4.4 Complete task similarity matrix

The complete task similarity matrix is simply (in this case) the sum of all level-associated task similarity matrices in this case.

As we will discuss here, you can relax certain constraints to make the model more or less complex if necessary.

5 Why break down the task similarity matrix?

Why did we decompose the task similarity matrix into three sub-matrices instead of directly learning a full task similarity matrix with specific similarities for each pair of replicates?

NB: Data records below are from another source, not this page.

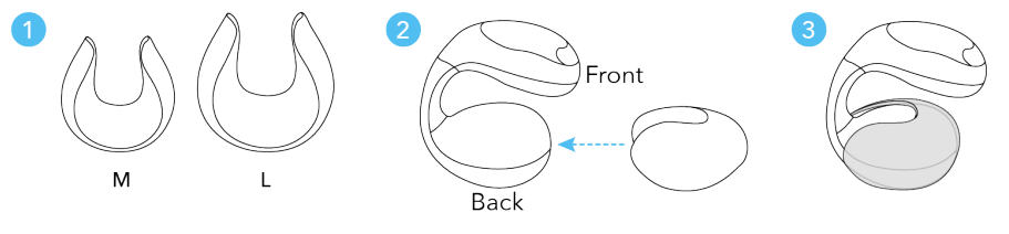 - Move the earbuds upwards or downwards until they fit securely, and you can hear the sound well. If the fit feels loose, you can choose between M and L size ear grips to enhance stability.
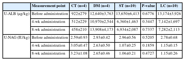 Urinary albumin and N‑acetylglucosaminidase levels showed no significant differences between the ST and LC groups at 8 weeks after administration (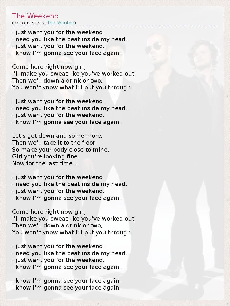 I just want you for the weekend. I need you like the beat inside my head. I just want you for the weekend. I know I'm gonna see your face again. Come here right now girl, I'll make you sweat like you've worked out, Then we'll down a drink or two, You won't know what I'll put you through. I just want you for the weekend. I need you like the beat inside my head. I just want you for the weekend. I know I'm gonna see your face again. Let's get down and some more. Then we'll take it to the floor. So make your body close to mine, Girl you're looking fine. Now for the last time... I just want you for the weekend. I need you like the beat inside my head. I just want you for the weekend. I know I'm gonna see your face again. Come here right now girl, I'll make you sweat like you've worked out, Then we'll down a drink or two, You won't know what I'll put you through. I just want you for the weekend. I need you like the beat inside my head. I just want you for the weekend. I know I'm gonna see your face again. I know I'm gonna see your face again. I know I'm gonna see your face again.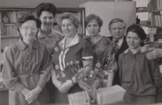 Когда в мае 1945 года уже был подписан пакт о капитуляции Германии, часть, где служила Анастасия Ивановна, не расформировали, а отправили на Дальний Восток, где разворачивались боевые действия с Японией. Какие бы тяготы ей не пришлось испытать на войне, были и моменты радости. Именно здесь она встретила своего Коленьку – Николая Александровича, свою светлую и чистую любовь, будущего своего супруга. Лишь в конце декабря 1945 года они были демобилизованы. Николай Александрович привез свою Настеньку в Казань, устроил ее на работу в Молотовский РК ВКП(б) на должность партийного статистика, а затем она пришла работать в библиотеку КХТИ и проработала здесь до своего ухода на пенсию в 1978 году. Анастасия Ивановна и сама была светлым человеком, и вся ее семья отличалась доброжелательностью и радушием. Супруги передали все свои лучшие качества детям: сыну Володе и дочери Алевтине. Анастасия Ивановна уже ушла из этой жизни, но до сих пор в отделе сохраняется порядок в документах, созданных ею, а в коллективе хранится добрая память о ней…». Слева направо: Никифорова Р.И., Хасанова А.Х., Константинова А.И., Гарфель О.А., Корнилов В.А., Гайнуллина Ф.Г. Источник: УНИЦ |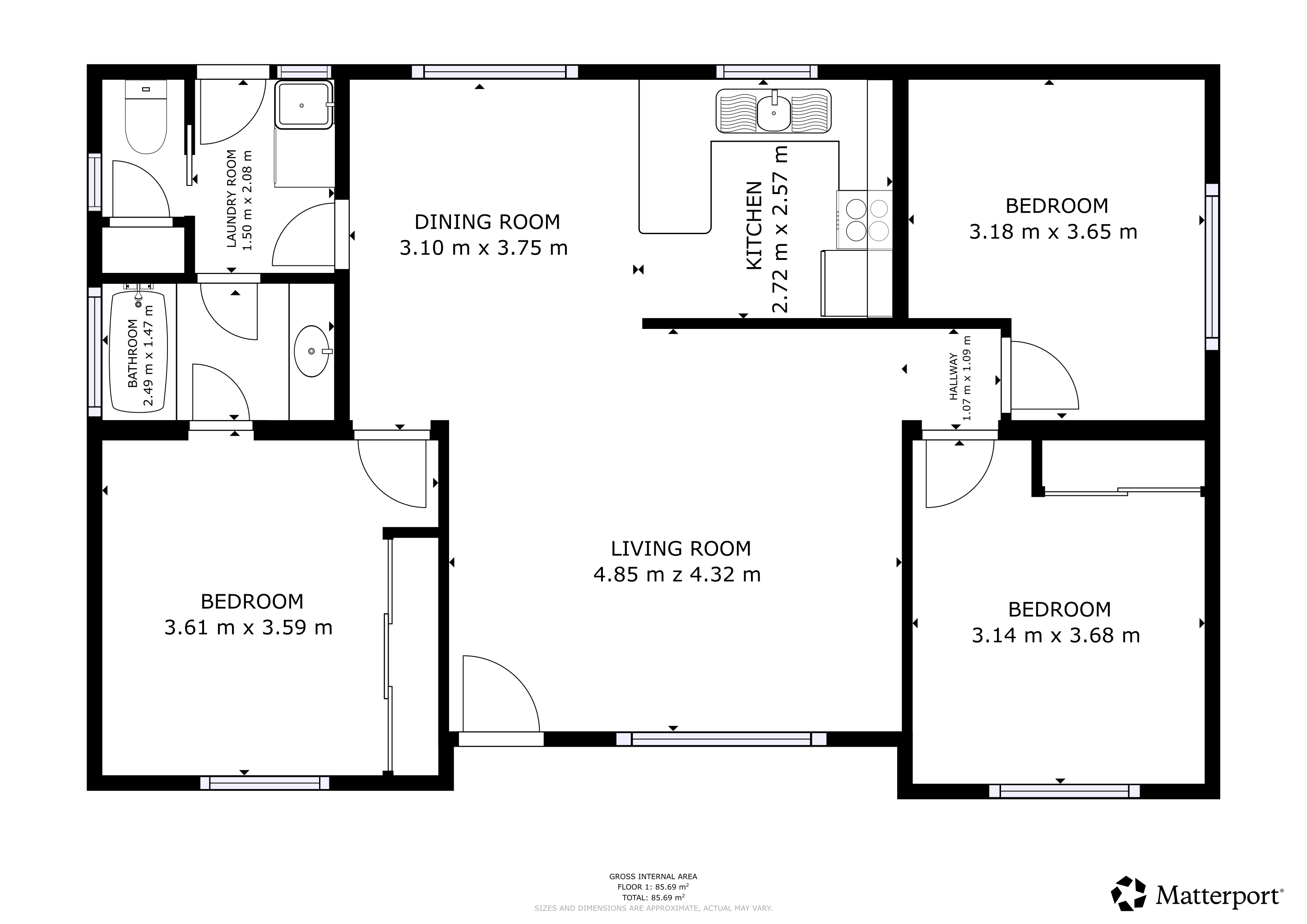 Inside, the home features three bedrooms, two with built-in wardrobes. The functional kitchen includes a breakfast bar and freestanding oven, flowing into a dedicated dining space. The front living room offers a cosy atmosphere with a ceiling fan for added comfort.

This could have been done, but it wouldn’t have captured our assumptions about how replicates relate to one another. The model would have been less interpretable and much more complex to learn, especially with a large number of replicates and conditions.

In GPMelt, we construct a model that captures a wealth of information about replicate similarity and the presence of possible outliers while only estimating a limited number of output-scales: one for the first level, one for the second level, and at most one per replicate for the bottom level. This is far fewer than estimating an output-scale for every pair of replicates.

From a theoretical perspective, decomposing the task similarity matrix creates a clear link between the hierarchical model (the mathematical model) and the multi-task learning approach (the model implementation).

Finally, this approach makes it easier to extend the GPMelt model to more complex settings. Once the principle of task similarity matrix decomposition is understood, you can adapt this model to any experimental protocol, even in much more complicated scenarios!

References

Bonilla, Edwin V, Kian Chai, and Christopher Williams. 2007. “Multi-Task Gaussian Process Prediction.” Advances in Neural Information Processing Systems 20.